Items from a data source
..............................
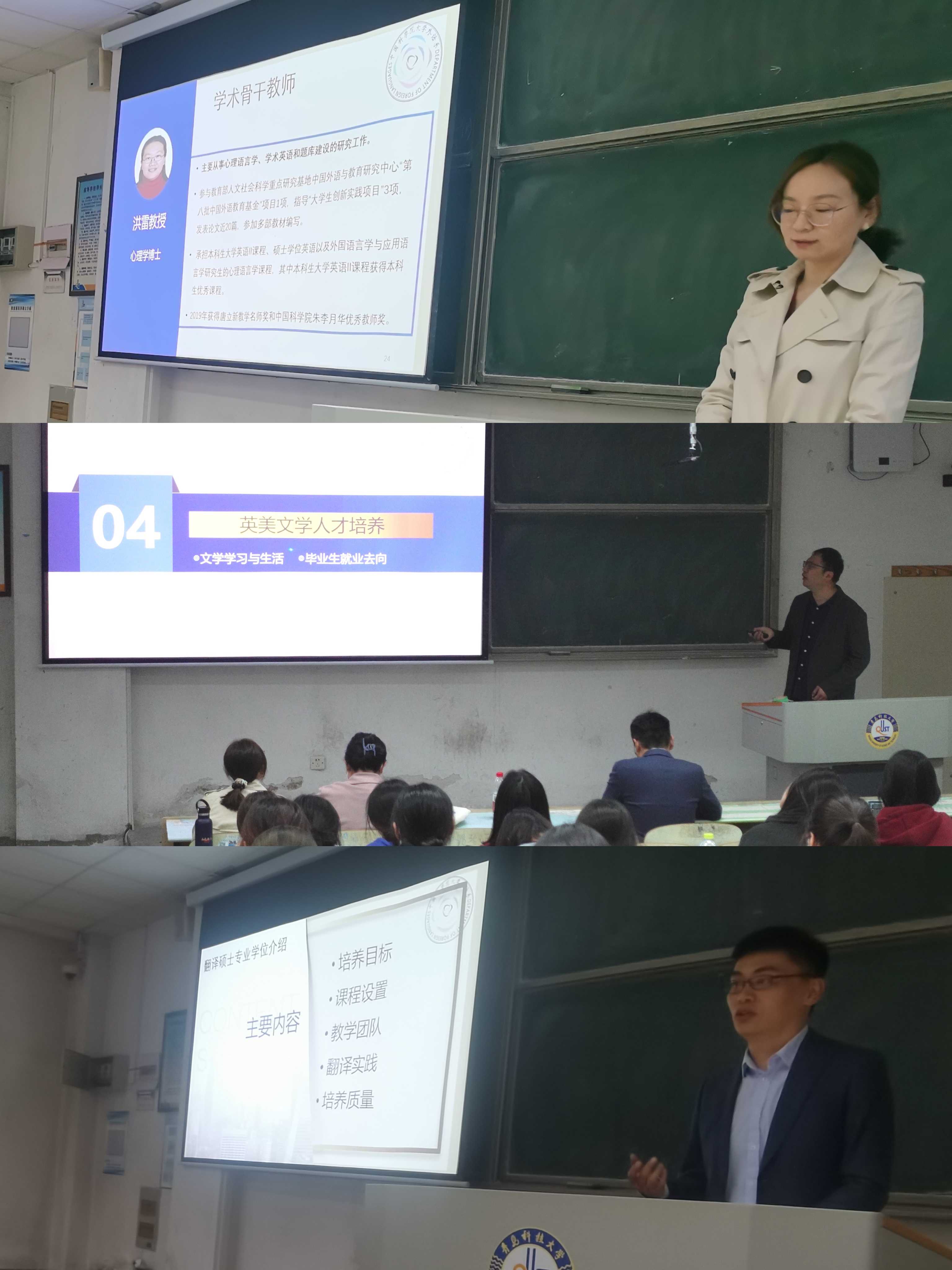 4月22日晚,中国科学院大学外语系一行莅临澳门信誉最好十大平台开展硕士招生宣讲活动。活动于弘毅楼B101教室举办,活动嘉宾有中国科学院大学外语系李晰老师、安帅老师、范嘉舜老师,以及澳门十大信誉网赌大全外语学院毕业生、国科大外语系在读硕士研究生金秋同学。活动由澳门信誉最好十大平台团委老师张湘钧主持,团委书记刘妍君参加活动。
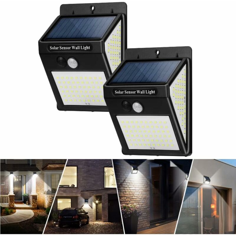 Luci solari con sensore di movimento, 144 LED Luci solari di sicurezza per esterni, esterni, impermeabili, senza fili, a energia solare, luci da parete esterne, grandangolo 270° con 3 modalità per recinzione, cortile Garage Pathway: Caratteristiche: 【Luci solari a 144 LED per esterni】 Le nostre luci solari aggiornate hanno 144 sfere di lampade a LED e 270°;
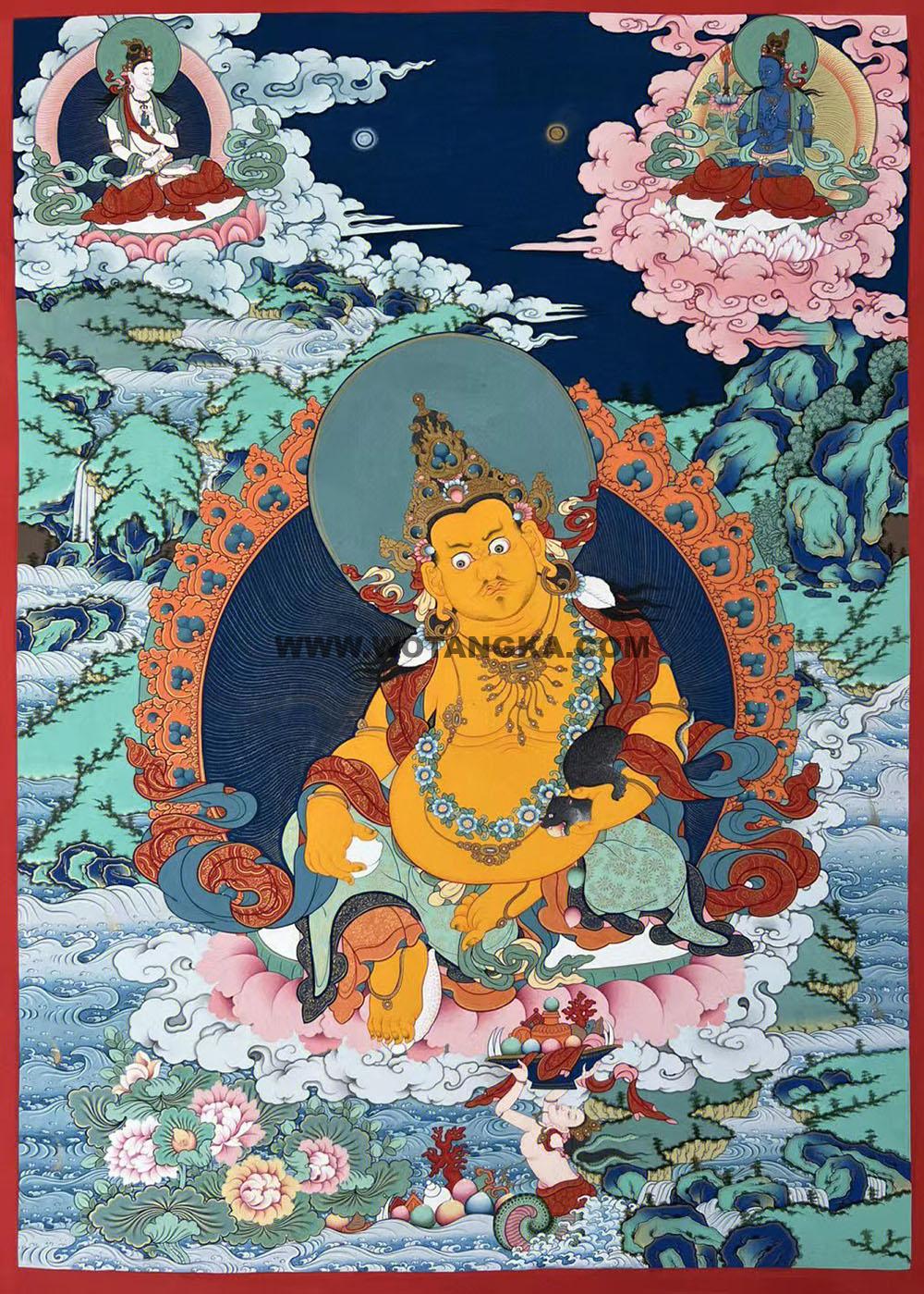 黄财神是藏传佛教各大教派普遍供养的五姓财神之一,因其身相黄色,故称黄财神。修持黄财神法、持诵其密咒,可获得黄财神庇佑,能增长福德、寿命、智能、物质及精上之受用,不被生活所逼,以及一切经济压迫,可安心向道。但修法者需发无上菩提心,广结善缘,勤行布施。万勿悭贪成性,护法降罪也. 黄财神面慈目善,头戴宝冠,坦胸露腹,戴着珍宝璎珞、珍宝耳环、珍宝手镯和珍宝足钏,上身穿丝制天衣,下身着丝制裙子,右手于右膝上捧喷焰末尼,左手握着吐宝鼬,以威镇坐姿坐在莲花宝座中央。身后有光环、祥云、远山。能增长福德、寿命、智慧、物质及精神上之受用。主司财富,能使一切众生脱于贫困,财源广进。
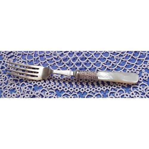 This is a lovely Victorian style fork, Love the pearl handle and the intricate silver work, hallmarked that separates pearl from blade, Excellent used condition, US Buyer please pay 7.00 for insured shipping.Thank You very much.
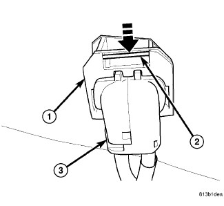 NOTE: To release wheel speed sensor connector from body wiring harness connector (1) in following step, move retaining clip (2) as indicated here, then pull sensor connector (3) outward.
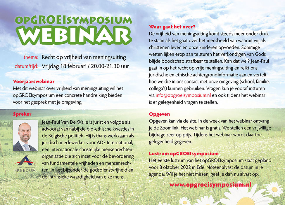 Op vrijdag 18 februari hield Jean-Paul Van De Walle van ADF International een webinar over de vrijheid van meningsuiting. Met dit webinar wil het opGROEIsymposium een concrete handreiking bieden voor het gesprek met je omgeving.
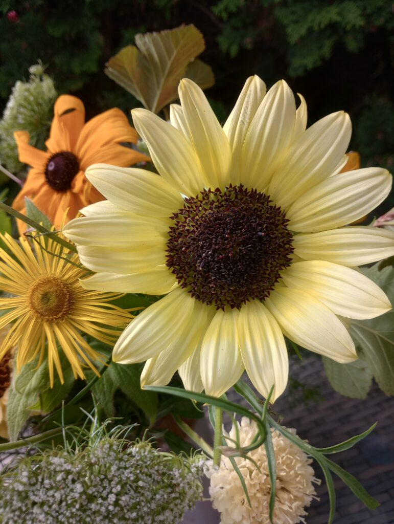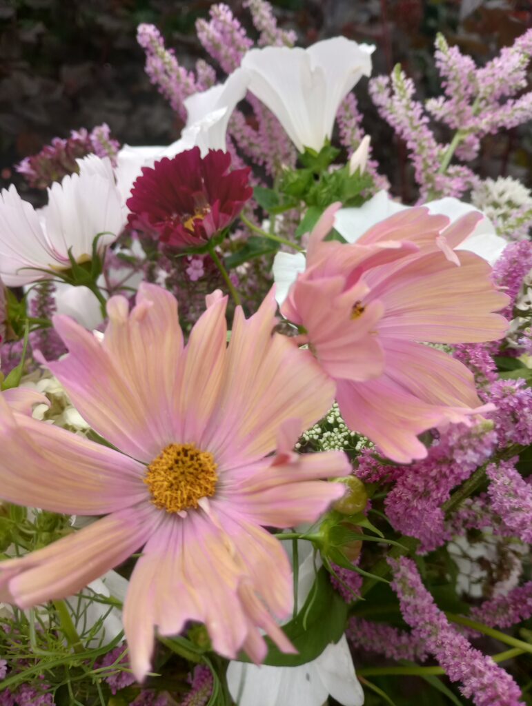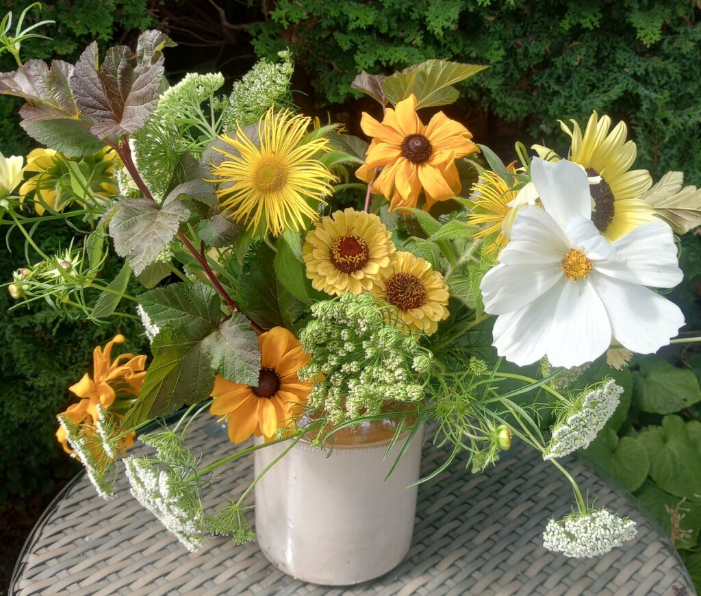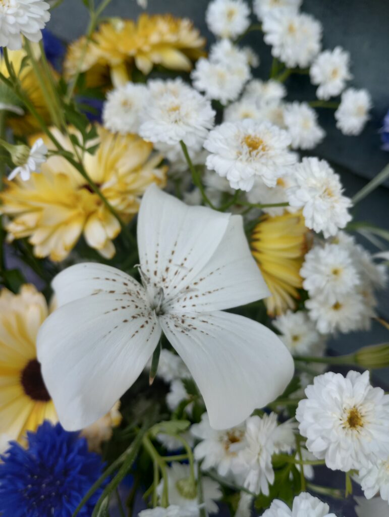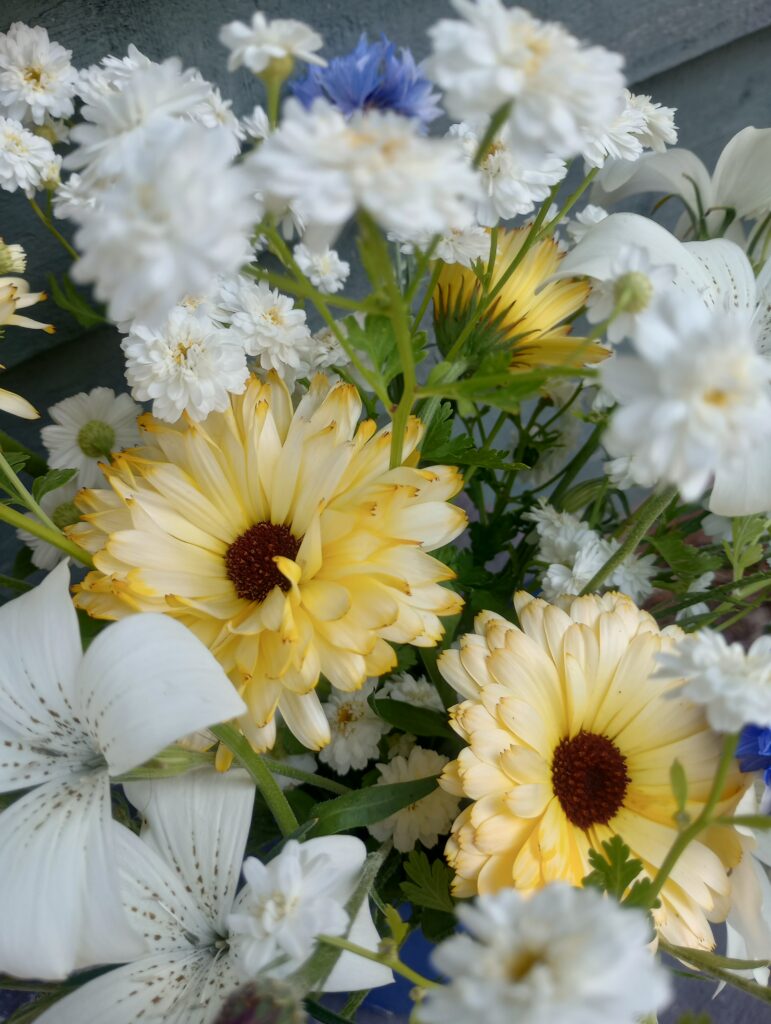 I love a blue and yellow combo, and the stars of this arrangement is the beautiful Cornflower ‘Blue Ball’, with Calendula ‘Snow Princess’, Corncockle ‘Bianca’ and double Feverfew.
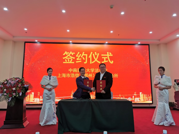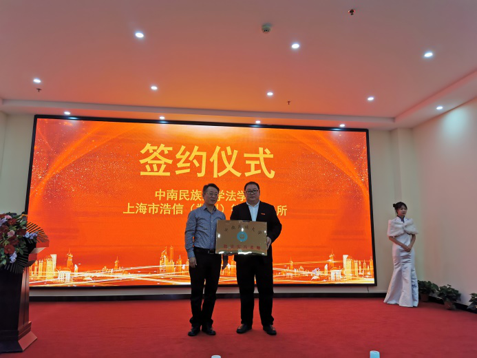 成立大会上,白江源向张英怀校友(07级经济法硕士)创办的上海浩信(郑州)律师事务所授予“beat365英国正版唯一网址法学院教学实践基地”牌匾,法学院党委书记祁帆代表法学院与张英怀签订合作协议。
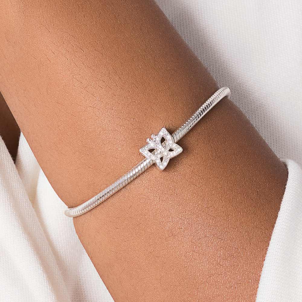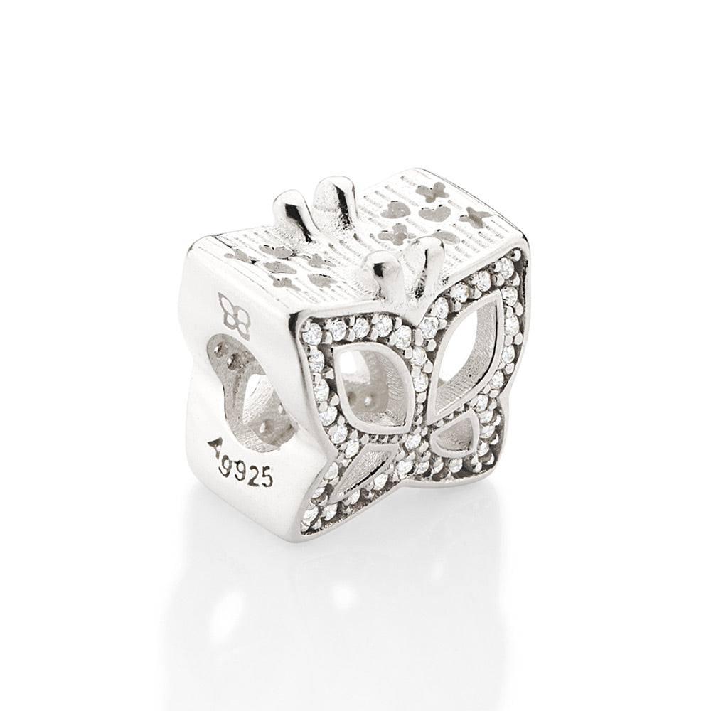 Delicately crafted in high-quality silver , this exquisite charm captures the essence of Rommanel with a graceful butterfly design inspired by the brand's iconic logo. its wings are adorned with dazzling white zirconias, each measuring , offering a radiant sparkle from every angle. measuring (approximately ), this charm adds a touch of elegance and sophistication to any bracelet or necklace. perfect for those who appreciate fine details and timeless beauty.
..............................
■ **Exercise**: Nothing but the lines from the start of the records above through the line with "I love a blue" should be retyped, each exactly as written; leave out all pictures.

■ **Response box**:
 4月22日晚,中国科学院大学外语系一行莅临澳门信誉最好十大平台开展硕士招生宣讲活动。活动于弘毅楼B101教室举办,活动嘉宾有中国科学院大学外语系李晰老师、安帅老师、范嘉舜老师,以及澳门十大信誉网赌大全外语学院毕业生、国科大外语系在读硕士研究生金秋同学。活动由澳门信誉最好十大平台团委老师张湘钧主持,团委书记刘妍君参加活动。
 Luci solari con sensore di movimento, 144 LED Luci solari di sicurezza per esterni, esterni, impermeabili, senza fili, a energia solare, luci da parete esterne, grandangolo 270° con 3 modalità per recinzione, cortile Garage Pathway: Caratteristiche: 【Luci solari a 144 LED per esterni】 Le nostre luci solari aggiornate hanno 144 sfere di lampade a LED e 270°;
 黄财神是藏传佛教各大教派普遍供养的五姓财神之一,因其身相黄色,故称黄财神。修持黄财神法、持诵其密咒,可获得黄财神庇佑,能增长福德、寿命、智能、物质及精上之受用,不被生活所逼,以及一切经济压迫,可安心向道。但修法者需发无上菩提心,广结善缘,勤行布施。万勿悭贪成性,护法降罪也. 黄财神面慈目善,头戴宝冠,坦胸露腹,戴着珍宝璎珞、珍宝耳环、珍宝手镯和珍宝足钏,上身穿丝制天衣,下身着丝制裙子,右手于右膝上捧喷焰末尼,左手握着吐宝鼬,以威镇坐姿坐在莲花宝座中央。身后有光环、祥云、远山。能增长福德、寿命、智慧、物质及精神上之受用。主司财富,能使一切众生脱于贫困,财源广进。
 This is a lovely Victorian style fork, Love the pearl handle and the intricate silver work, hallmarked that separates pearl from blade, Excellent used condition, US Buyer please pay 7.00 for insured shipping.Thank You very much.
 NOTE: To release wheel speed sensor connector from body wiring harness connector (1) in following step, move retaining clip (2) as indicated here, then pull sensor connector (3) outward.
 Op vrijdag 18 februari hield Jean-Paul Van De Walle van ADF International een webinar over de vrijheid van meningsuiting. Met dit webinar wil het opGROEIsymposium een concrete handreiking bieden voor het gesprek met je omgeving.
 I love a blue and yellow combo, and the stars of this arrangement is the beautiful Cornflower ‘Blue Ball’, with Calendula ‘Snow Princess’, Corncockle ‘Bianca’ and double Feverfew.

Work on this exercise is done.